Written 11/18/2011
Thirteen years was a long time to stay away from Paris. The city had traded on the grime of the 20th Century for cleansed stones. The streets were avenues of luxury stores. I spent most of the morning searching for a beret. I had no success. Paris might be eternal, however it was not the France of my youth. I was as much a stranger to the Parisians as any tourist.
Walking back from the Seine I spotted this attractive couple in their 40s on Rue De Voltaire. The smartly attired man carried a stylish valise and his wife in sensible clothing was weighed down by two slightly larger bags. I figured them for English. The narrow sidewalk was slick from a splash of rain. I stepped into the gutter to let the two pass inside of me and the blonde woman cast a quixotic gaze like I might have been an ex-lover.

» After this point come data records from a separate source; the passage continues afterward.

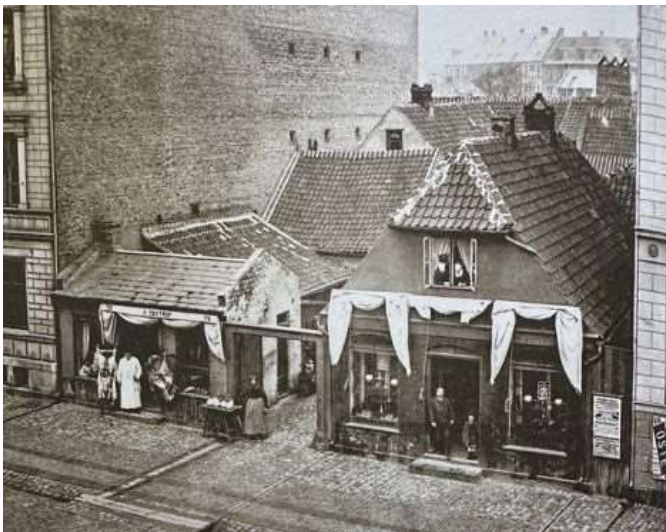
Vesterbrogade 70 i 1880. De gamle slagtergårde var omringet af nye etageejendomme i fem etager. Ved porten står en amagerkone og sælger hvidkål

De mange nye virksomheder med hylende fabriksfløjter, drevet af damp, bliver et nyt irritationsmoment for københavnernes. Dampkraften blev udnyttet, og meget lidt gennemtænkt var boliger og industri blandet sammen. Der kom også mange nye maskiner til som boremaskiner, drejebænke og ikke mindst væverier, der med remtrukne maskiner larmede. Faktisk larmede alt det nye, så utallige mistede hørelsen. Det var endnu et ukendt begreb at passe på ørerne i støj. Når støj gik folk på nerverne, så mente lægerne, at det skyldtes ubalance i kroppens væsker. Ak ja, det var ikke kun industrien, der skulle lære.
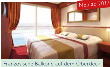
Französische Balkone auf dem Oberdeck

An Bord der ELEGANT LADY wird Komfort groß geschrieben: Die hellen Kabinen sind angenehm geräumig. Zum Oberdeck nehmen Sie einfach den gläsernen Fahrstuhl und zum Sonnendeck den Treppenlift. Die großzügige Skylounge mit Bar, die im Frühjahr und Herbst beheizt wird, garantiert Ihnen einen freien Blick auf Städte und Landschaften. Auf dem Sonnendeck stehen ausreichend Sitzmöglichkeiten und Liegestühle für Sie bereit. Eine kleine Bibliothek mit Kamin sowie ein WLAN-Zugang und ein kleiner Shop runden das Angebot ab – für viele erholsame Stunden an Bord.
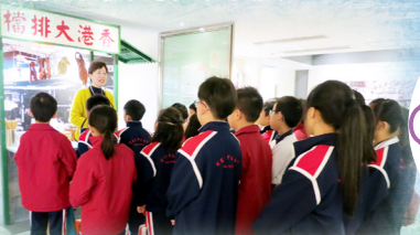
懷念那街角的味道
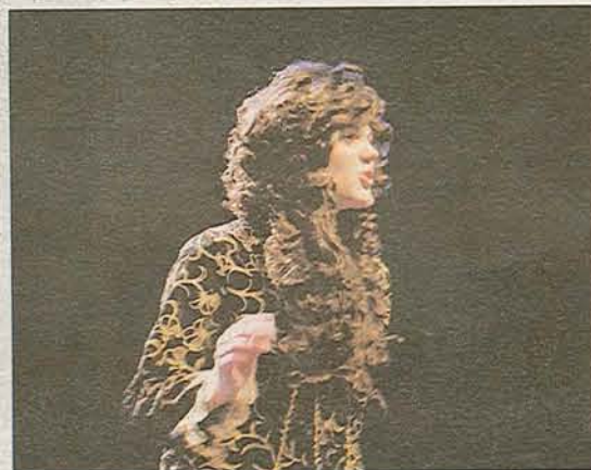
Molière, lui-même, était sur la scène de l'Espace Flandre.
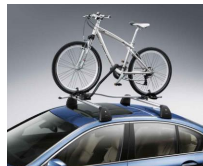
Soporte para Bicicletas

Las barras del techo multifuncionales se instalan en el vehículo de una manera fácil y práctica. Son óptimas para todos los soportes y cajas portaequipajes de techo. Están diseñadas para cada vehículo BMW cumpliendo con los más altos estándares de seguridad.

This was Paris. I had lived in the city of love during the 80s. I had been in my 30s and girls had thrown themselves at me. I had just had breakfast with Candia. We had lived together for over a year. She told me that she was happily married. I tell that to people too. Sometimes it's even true.

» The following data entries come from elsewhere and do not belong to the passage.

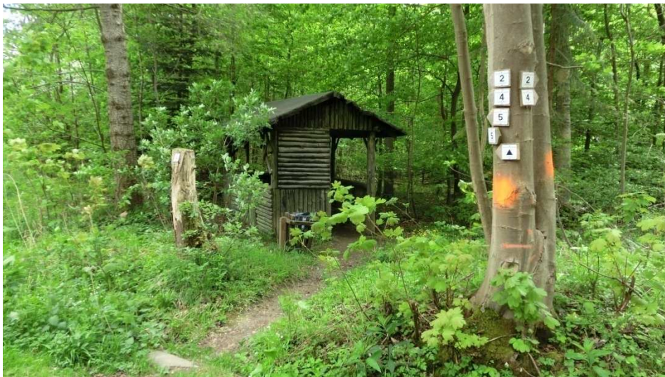
Schutzhütte am Bärensohl
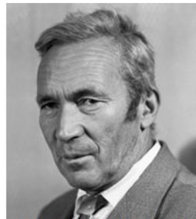
Андрей Николаевич Колмогоров
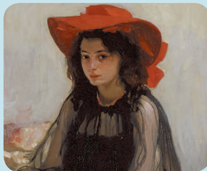
О. Мурашко. Дівчина в червоному капелюсі. 1903 р.

Леся Українка, О. Кобилянська, Олександр Олесь, Ю. Яновський (у літературі); О. Мурашко (у живописі).
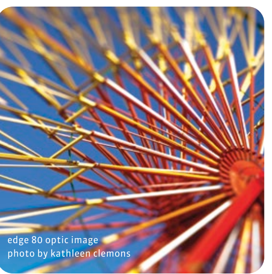
edge 80 optic image

RU Если Composer Pro поставляется с установленной Double Glass Optic, можно извлечь диск диафрагмы, коснувшись его концом инструмента для диафрагм и медленно переместив наружу. Вставьте новый диск. Если Composer Pro поставляется с лепестковой диафрагмой, инструкции по изменению диафрагмы см. в руководстве пользователя. Размер зоны лучшего фокуса контролируется с помощью диафрагмы. Чем шире раскрывается диафрагма, тем меньше становится зона лучшего фокуса.
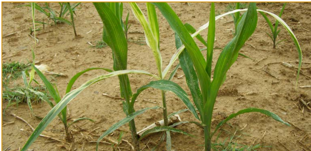
Imagen izda.: rizoma de Sorghum halepense y planta con fitotoxicidad por herbicidas entre cultivo de maíz (dcha.).
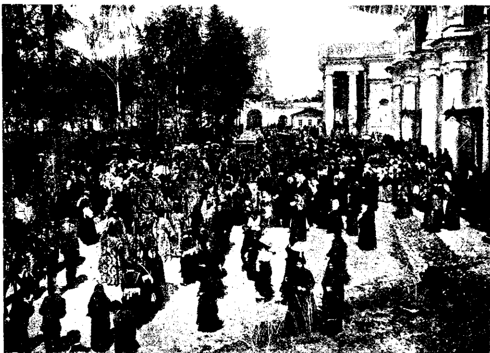
Ежегодное (25 мая) обнесеніе кругомъ обители мощей св. Димитрія Ростовскаго.
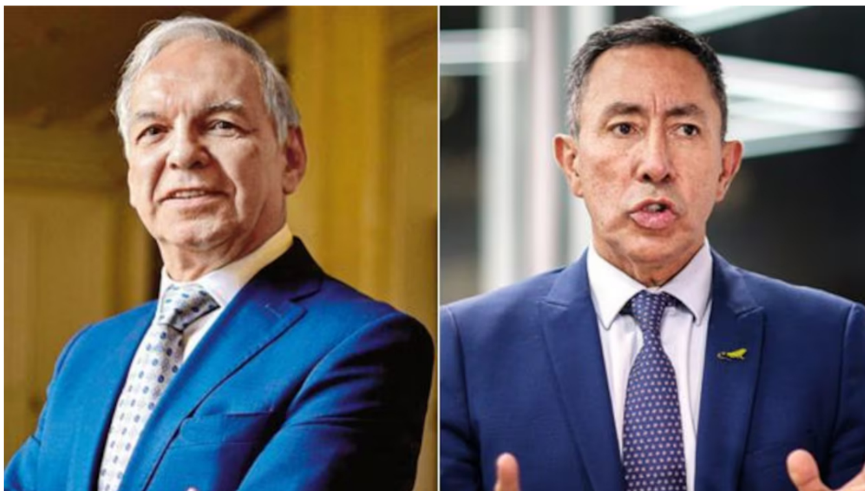
De izquierda a derecha: ministro de Hacienda, Ricardo Bonilla, y presidente de Ecopetrol , Ricardo Roa.

La denuncia interpuesta por el ministro de Hacienda, Ricardo Bonilla, contra el presidente de Ecopetrol , Ricardo Roa, y Nicolás Alcocer, por supuestas injerencias en la hidroeléctrica Urrá, suscitó nuevas críticas de la oposición al Gobierno de Gustavo Petro.

I smiled at the middle-aged woman, as my memory shuffled through dead-end synapses to recover her identity. I was at the point of thinking that I had been mistaken, when she said my name.
I turned with a blank facial expression partially masked by a waning hang-over.

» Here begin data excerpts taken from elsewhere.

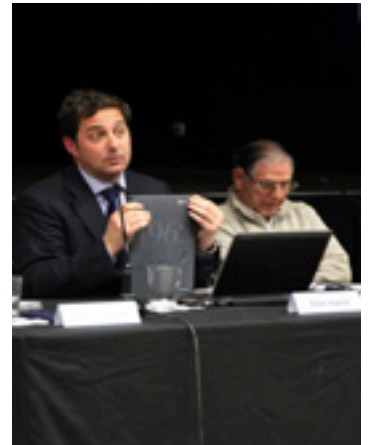
Historia liburuaren aurkezpena, iaz.

Liburuaren bidez, 1962an sortu zenetik gaur arte egin duen ibilbide teknikoa eta teknologikoa azaldu nahi dute eta balioa eman "etorkizuna eraikitze"ko.
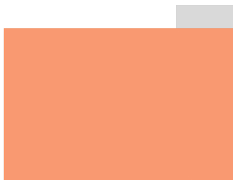
SALMON REMAP SIMILAR TO PAN 713U
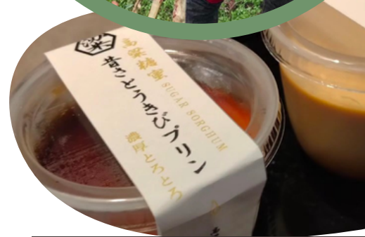
昔さとうきびプリンは絶品！
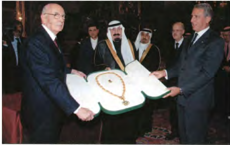
خادم الحرمين الشريفين يقبل الرئيس الإيطالي قلادة الملك عبدالعزيز.
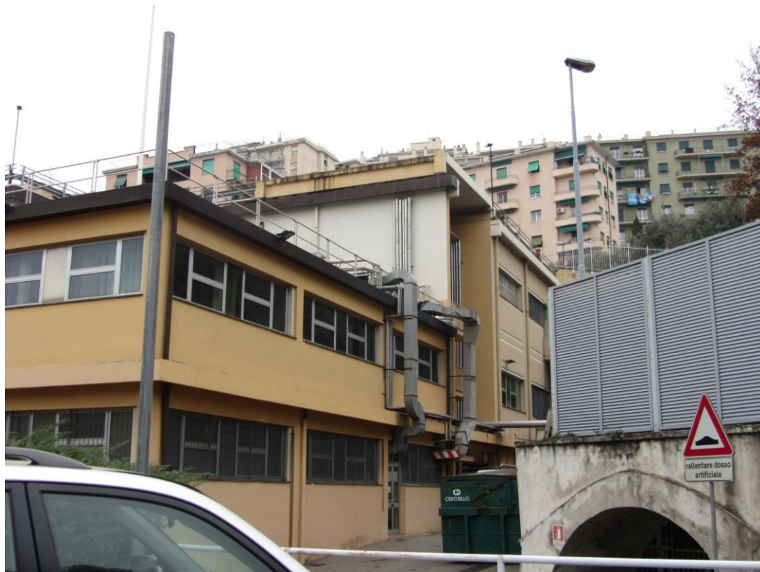
- DETTAGLIO AREA DISTACCO DI LEVANTE -

ECOSEI S.R.L. – Via Galata n° 37/8 – 16121 – GENOVA –
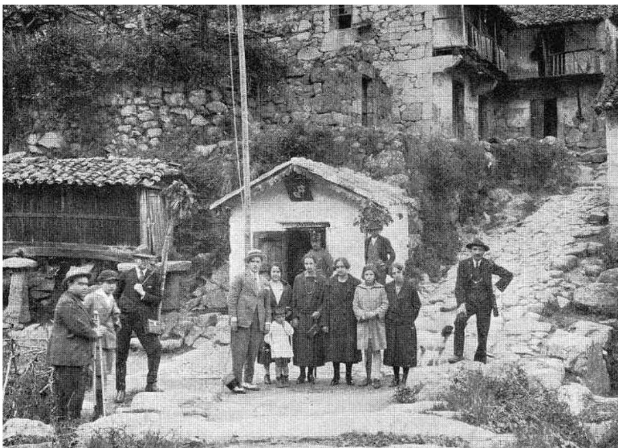
Puesto de los carabineros españoles y entrada a España por Ponte Barxas en 1924 20 .
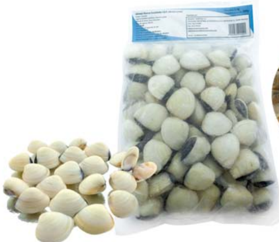
Almeja Blanca 60/80: 13300137

"It's Mareka from Harris Lindsey. You send me all those stories about Ireland." She actually seemed pleased to have read my tales as opposed to my future editor, who the previous evening had complained about the never-ending onslaught of short stories.
"Right." She wasn't an ex-lover, but the gallery owner representing the future editor's art show. Her good-looking husband shook mine. I couldn't remember his name, but hers stood out like an iceberg in the Atlantic. She was Irish. "Mareka."
"What are you doing in Paris?" She and I had met in London several weeks ago. I extended my hand. She came from Ballyconneely. I had called in a converted schoolhouse home in that desolate village for an autumn in 1997. We were almost cousins.
"Just finishing a holiday in La Rochelle." Her husband said with pleasure. Mid-November was a good time to get away from England before the grim gray of winter hugged the island on the other side of the Channel.
"I'e never been there, but my father and I had a great vacation touring the Loire and Normandy. My favorite town was St. Malo." We had stayed at a small hotel under the walls of the ancient corsair fortress. "Oysters and cider."
Her husband and I exchanged fond memories. His were of holidays and mine were of vacations. The difference was strictly in our dialects. I told them about walking with my future editor from St. Michel to a purgatorial quartier by the Canal St. Martin. "We ping-ponged from bars to houses to bars. Drink was involved for medicinal purposes."
"I know that feeling." The man wore the aura of well-being. There is nothing like a few days by the sea to sweep the cobwebs from your soul.
"Shall we have a coffee?"
"Sorry, but..." Mareka pointed to her watch. "We have a lunch date."
"And I have to check out of my hotel. I'm heading back to Luxembourg." I expected that it was shrouded by fog and Luxembourg was the kind of city made for gloom.
"See you in London." Mareka waved a good-bye.
"If not somewhere else."
"And start writing that story about Ballyconneely."
"I will." And my future editor would make it readable. He was very good at many things.
We parted ways and I returned to my hotel. The doorman greeted me my name. The concierge saluted my entry. They were new fans of my website. To them I was a legend. Same as the city of Paris only not so old.